Input/Output data types for each tasks

The segmentation task uses the remote sensing data and 70% of ITC stem data for training and 30% of the ITC stem data for testing. The alignment task uses the remote sensing data, the ITC data, and ground data on stem diameter, height, and location. This task uses only trees whose ITCs are in the training set of the segmentation task with 70% of those stems used for training and 30% for testing. The classification task uses the subset of remote sensing pixels falling within the ITC-stem polygons. Data are in tabular form, with each row representing a pixel of the remote sensing data. Features for each pixel include ID, height, and reflectance for the 426 hyperspectral bands. A different csv file contains species identification for 70% of the ITCs for which species has been identified. The remaining 30% of species identification data is held as testing.

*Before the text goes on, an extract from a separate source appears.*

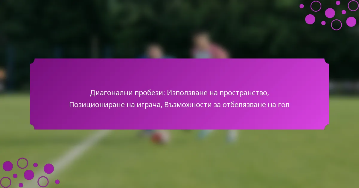 Диагоналните бягания се правят от играчи, които се движат под ъгъл към вратата, което може да изведе защитниците от позиция. Този тип бягане може да създаде пропуски, които съотборниците да експлоатират, улеснявайки по-добри опции за подаване и увеличавайки вероятността за пробив в защитните линии.

Figure showing examples of training and test data types for each task

Figure 2: Training/testing Input/output data types for each of the three tasks. Data in both the train and test boxes will be split either at the plot level (segmentation and alignment tasks) on the stem level with 70% of the plots/stems used for training and 30% for testing. Products to be submitted are for the test data.Names in italics correspond to the names of the files provided or to be submitted. NEON-AOP (black): Spatial data of the 4 types of NEON-AOP data. ITC (red): Spatial data of Individual Tree Crowns and a unique crown ID number. ITC stem link (orange): Table of unique crown ID number and the NEON ground data stem ID number. Structure (blue): Table of NEON ground data with tree stem attributes; unique stem ID, latitude & longitude coordinates, stem diameter, crown dimensions. Species (purple): Table of NEON ground data with assignment to two class categories (species class and genus class). Species product is a table of the probability of assignment of each ITC for each class in both class categories.